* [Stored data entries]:
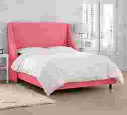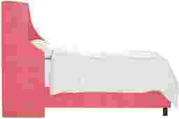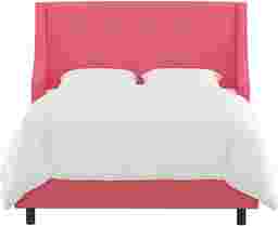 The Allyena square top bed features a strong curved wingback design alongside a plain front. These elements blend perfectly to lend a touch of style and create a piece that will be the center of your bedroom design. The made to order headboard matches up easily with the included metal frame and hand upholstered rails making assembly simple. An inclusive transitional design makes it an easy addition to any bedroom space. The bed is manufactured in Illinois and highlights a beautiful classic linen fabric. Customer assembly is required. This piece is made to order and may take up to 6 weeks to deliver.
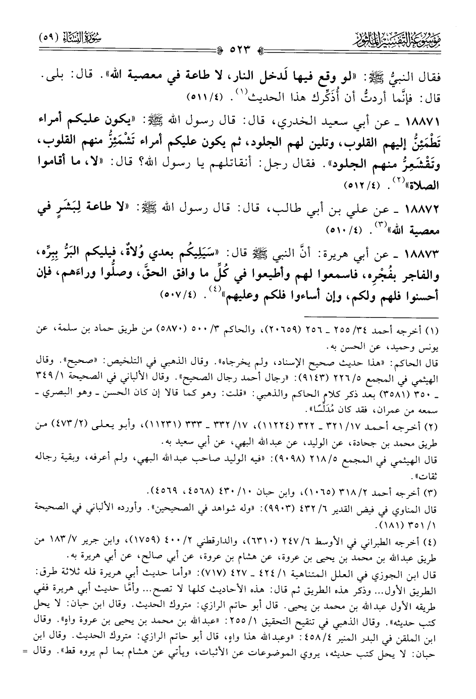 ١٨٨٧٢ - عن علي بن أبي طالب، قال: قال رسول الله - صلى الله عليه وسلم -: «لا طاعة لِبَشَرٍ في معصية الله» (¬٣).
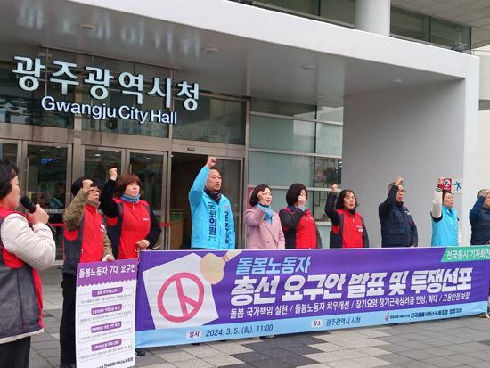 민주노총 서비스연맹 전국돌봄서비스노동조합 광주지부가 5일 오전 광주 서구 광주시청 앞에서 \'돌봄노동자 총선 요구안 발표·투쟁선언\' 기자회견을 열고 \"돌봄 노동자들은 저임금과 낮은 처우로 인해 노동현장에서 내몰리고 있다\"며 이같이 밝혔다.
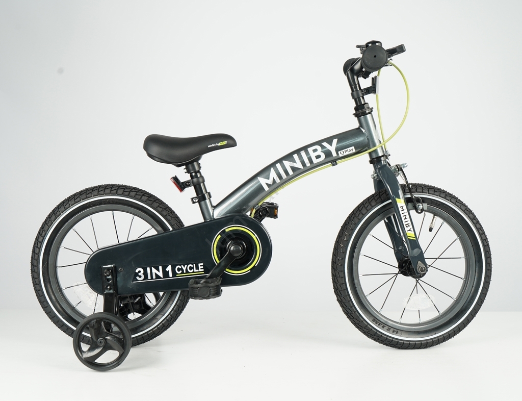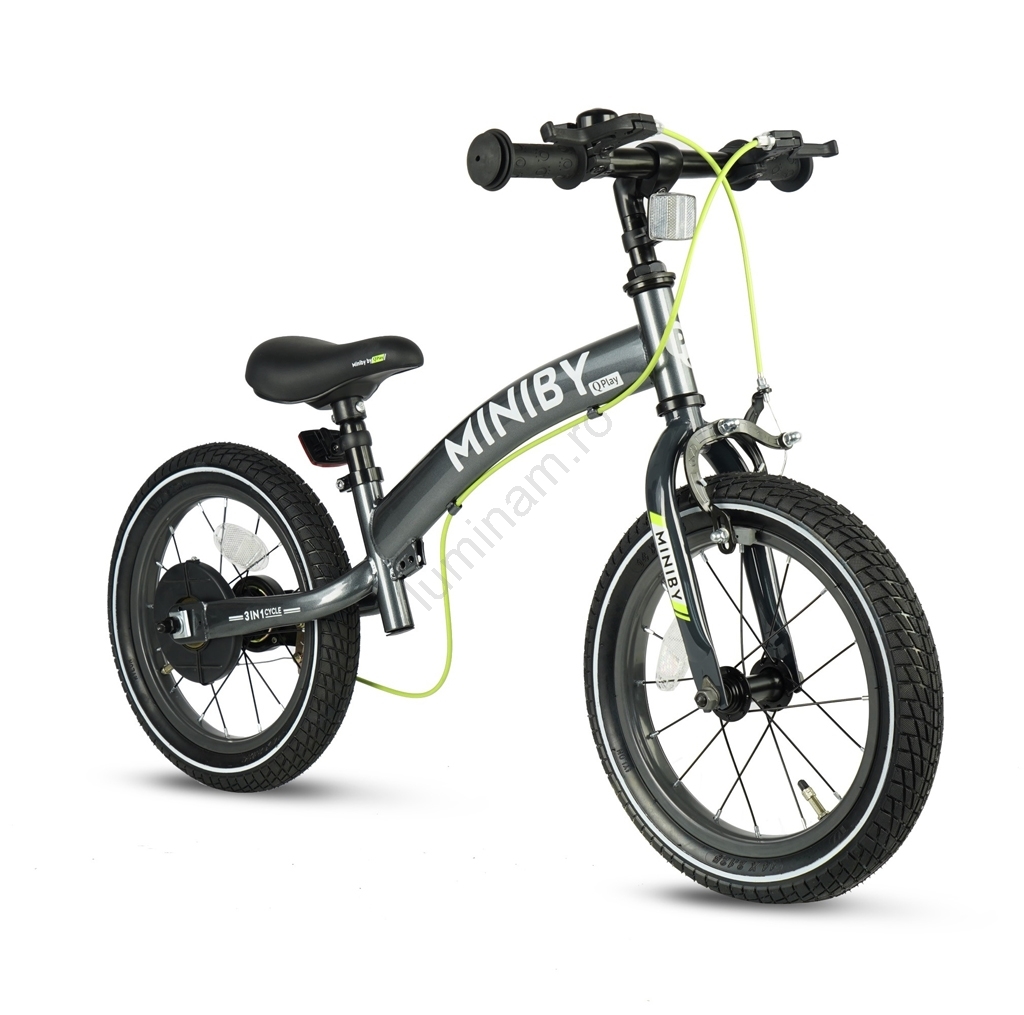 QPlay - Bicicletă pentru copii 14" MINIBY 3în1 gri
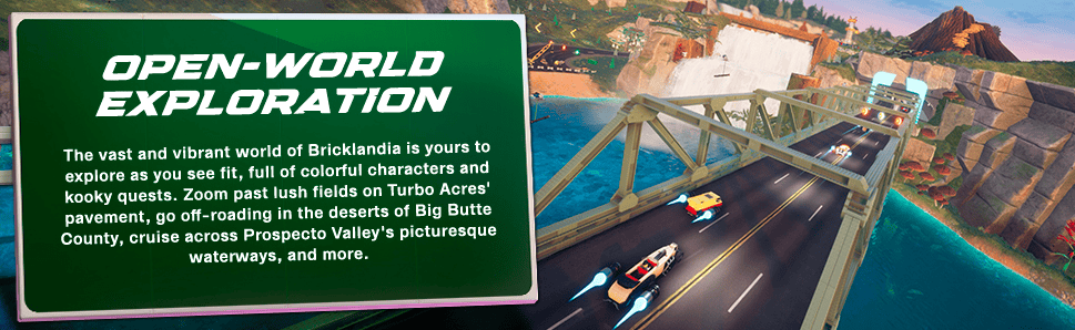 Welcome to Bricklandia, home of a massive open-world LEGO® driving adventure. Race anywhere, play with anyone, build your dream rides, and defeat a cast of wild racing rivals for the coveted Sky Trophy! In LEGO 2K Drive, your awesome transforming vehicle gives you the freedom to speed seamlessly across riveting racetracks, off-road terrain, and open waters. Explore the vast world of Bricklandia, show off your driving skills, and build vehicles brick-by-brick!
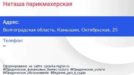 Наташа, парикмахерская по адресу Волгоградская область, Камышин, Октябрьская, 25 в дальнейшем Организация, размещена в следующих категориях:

* [What you have to do]: A word-for-word repeat of the lines from the line with "Welcome to Bricklandia, home" to the last line of the data, both ends included and pictures left out, is all that should appear.

* [Response below]:
 Welcome to Bricklandia, home of a massive open-world LEGO® driving adventure. Race anywhere, play with anyone, build your dream rides, and defeat a cast of wild racing rivals for the coveted Sky Trophy! In LEGO 2K Drive, your awesome transforming vehicle gives you the freedom to speed seamlessly across riveting racetracks, off-road terrain, and open waters. Explore the vast world of Bricklandia, show off your driving skills, and build vehicles brick-by-brick!
 Наташа, парикмахерская по адресу Волгоградская область, Камышин, Октябрьская, 25 в дальнейшем Организация, размещена в следующих категориях:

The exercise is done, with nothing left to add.